Task details. Your task is to retype the lines from the opening of the material through the line that includes "Na křižovatce s". Do not copy the pictures.

Supplied information.
────────────────────

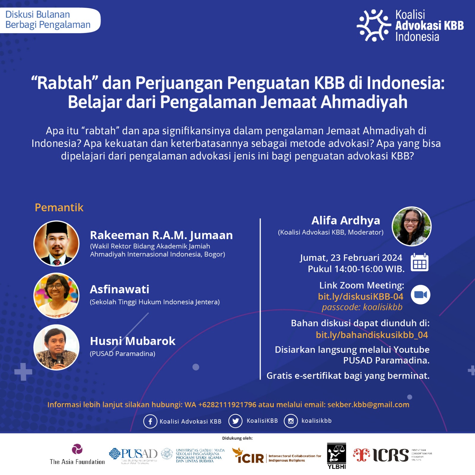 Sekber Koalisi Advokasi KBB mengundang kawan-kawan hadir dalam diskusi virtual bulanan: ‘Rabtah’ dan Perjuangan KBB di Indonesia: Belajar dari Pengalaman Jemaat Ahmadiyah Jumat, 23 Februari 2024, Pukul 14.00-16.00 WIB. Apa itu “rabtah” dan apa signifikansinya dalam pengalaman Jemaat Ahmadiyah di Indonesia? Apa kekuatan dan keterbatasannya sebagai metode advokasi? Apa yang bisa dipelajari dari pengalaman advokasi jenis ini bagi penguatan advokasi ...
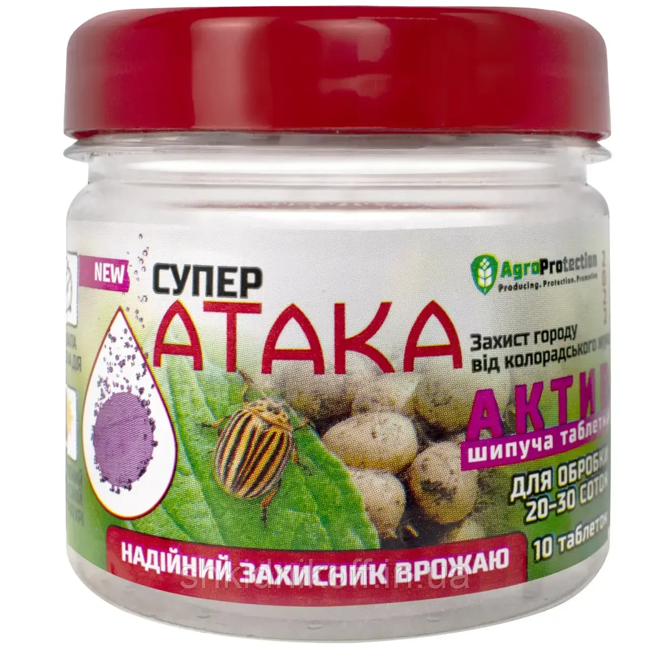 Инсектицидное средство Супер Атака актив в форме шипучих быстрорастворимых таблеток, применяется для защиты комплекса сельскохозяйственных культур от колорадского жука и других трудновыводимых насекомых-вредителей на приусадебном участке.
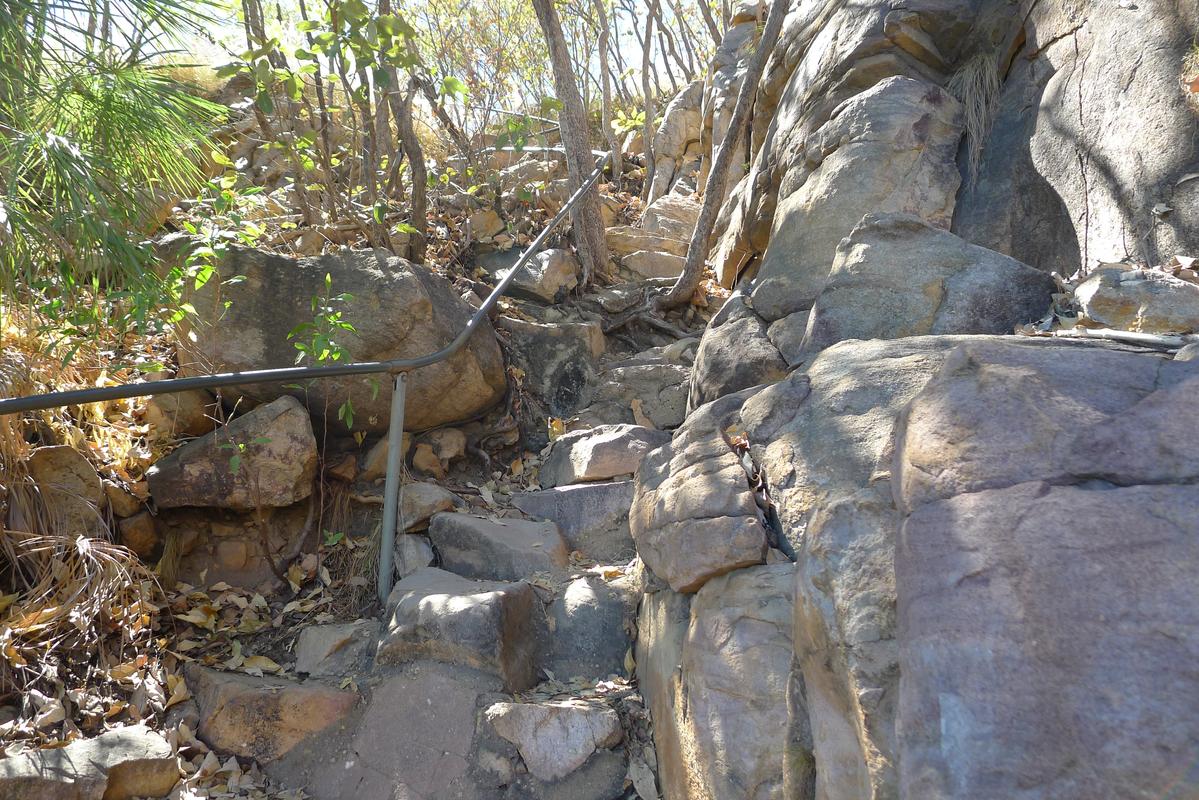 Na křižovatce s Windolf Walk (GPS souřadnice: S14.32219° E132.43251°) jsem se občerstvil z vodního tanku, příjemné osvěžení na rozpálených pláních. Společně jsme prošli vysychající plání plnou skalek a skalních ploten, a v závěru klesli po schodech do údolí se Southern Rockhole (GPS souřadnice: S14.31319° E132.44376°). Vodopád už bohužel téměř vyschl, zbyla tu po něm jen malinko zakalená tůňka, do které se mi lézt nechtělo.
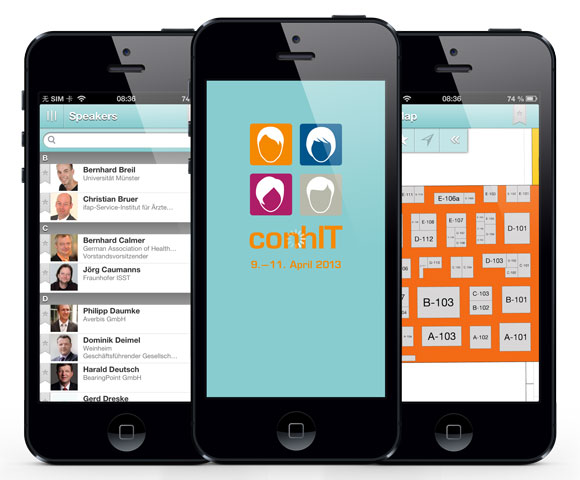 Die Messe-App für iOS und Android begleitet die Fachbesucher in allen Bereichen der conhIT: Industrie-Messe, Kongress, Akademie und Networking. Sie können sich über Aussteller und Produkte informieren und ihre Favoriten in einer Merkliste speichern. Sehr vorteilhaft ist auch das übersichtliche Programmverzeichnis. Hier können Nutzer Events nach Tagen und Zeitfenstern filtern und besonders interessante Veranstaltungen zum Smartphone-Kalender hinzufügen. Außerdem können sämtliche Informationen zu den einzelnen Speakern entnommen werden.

────────────────────

Result for this exercise.
 Sekber Koalisi Advokasi KBB mengundang kawan-kawan hadir dalam diskusi virtual bulanan: ‘Rabtah’ dan Perjuangan KBB di Indonesia: Belajar dari Pengalaman Jemaat Ahmadiyah Jumat, 23 Februari 2024, Pukul 14.00-16.00 WIB. Apa itu “rabtah” dan apa signifikansinya dalam pengalaman Jemaat Ahmadiyah di Indonesia? Apa kekuatan dan keterbatasannya sebagai metode advokasi? Apa yang bisa dipelajari dari pengalaman advokasi jenis ini bagi penguatan advokasi ...
 Инсектицидное средство Супер Атака актив в форме шипучих быстрорастворимых таблеток, применяется для защиты комплекса сельскохозяйственных культур от колорадского жука и других трудновыводимых насекомых-вредителей на приусадебном участке.
 Na křižovatce s Windolf Walk (GPS souřadnice: S14.32219° E132.43251°) jsem se občerstvil z vodního tanku, příjemné osvěžení na rozpálených pláních. Společně jsme prošli vysychající plání plnou skalek a skalních ploten, a v závěru klesli po schodech do údolí se Southern Rockhole (GPS souřadnice: S14.31319° E132.44376°). Vodopád už bohužel téměř vyschl, zbyla tu po něm jen malinko zakalená tůňka, do které se mi lézt nechtělo.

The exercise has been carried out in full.